* **WORK INSTRUCTIONS**
Please count the lines in the records below that include the word "three" and report only the total.

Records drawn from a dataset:
· · · · · · ·
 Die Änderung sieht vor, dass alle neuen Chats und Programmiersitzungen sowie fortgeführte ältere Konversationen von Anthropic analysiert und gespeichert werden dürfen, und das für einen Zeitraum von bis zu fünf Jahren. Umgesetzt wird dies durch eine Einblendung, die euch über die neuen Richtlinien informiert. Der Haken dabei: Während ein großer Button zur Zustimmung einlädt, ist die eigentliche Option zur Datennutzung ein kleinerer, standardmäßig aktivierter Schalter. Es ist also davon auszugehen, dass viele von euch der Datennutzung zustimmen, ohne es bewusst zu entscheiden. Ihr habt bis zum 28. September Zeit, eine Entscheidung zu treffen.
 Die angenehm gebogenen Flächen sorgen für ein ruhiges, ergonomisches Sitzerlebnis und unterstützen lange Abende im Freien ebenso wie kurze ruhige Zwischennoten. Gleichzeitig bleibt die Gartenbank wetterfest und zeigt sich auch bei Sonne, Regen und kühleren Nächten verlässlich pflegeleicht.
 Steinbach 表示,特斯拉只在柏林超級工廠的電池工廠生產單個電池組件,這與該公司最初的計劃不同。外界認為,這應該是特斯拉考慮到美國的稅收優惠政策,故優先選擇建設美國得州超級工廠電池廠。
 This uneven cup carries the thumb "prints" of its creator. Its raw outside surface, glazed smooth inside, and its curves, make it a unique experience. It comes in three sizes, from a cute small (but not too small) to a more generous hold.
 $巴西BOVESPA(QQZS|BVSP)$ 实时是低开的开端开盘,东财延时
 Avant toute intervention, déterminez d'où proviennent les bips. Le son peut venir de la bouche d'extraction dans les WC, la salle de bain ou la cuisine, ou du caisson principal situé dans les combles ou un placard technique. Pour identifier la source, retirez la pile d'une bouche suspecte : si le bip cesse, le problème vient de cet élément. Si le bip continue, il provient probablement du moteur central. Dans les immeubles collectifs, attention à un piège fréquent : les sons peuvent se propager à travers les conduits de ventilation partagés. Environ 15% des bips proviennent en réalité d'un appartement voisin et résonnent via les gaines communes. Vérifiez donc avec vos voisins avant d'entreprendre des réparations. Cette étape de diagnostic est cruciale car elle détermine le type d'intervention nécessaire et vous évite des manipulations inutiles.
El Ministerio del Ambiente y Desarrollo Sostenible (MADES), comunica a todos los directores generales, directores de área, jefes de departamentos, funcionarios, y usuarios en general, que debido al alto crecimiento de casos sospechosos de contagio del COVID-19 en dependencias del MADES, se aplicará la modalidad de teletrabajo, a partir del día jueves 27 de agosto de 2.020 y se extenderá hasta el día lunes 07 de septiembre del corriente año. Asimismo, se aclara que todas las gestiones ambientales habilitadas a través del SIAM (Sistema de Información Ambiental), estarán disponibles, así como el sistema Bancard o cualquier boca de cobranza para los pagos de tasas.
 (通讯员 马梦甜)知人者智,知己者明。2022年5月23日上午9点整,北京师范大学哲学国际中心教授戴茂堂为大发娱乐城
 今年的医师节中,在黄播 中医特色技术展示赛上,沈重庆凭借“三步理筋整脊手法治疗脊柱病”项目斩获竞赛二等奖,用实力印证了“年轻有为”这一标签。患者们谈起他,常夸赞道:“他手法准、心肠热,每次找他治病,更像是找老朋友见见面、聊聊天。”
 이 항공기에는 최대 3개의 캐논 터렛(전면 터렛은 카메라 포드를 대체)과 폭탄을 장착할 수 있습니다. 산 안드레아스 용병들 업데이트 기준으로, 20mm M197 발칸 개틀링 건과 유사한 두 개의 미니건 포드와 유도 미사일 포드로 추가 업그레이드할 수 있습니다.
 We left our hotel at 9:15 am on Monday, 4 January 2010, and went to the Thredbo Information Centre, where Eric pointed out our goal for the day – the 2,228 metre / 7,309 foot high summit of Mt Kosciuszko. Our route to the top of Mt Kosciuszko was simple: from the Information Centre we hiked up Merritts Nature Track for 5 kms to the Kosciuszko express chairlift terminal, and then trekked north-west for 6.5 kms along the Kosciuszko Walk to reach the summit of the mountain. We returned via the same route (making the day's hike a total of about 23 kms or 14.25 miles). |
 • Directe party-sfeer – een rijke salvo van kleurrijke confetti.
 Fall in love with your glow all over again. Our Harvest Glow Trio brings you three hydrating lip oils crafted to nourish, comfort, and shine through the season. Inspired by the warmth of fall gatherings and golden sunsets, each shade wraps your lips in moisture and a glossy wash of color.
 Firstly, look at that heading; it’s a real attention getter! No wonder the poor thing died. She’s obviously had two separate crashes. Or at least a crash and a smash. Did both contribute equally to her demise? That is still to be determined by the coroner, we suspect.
· · · · · · ·
* **EXERCISE RESULT**
2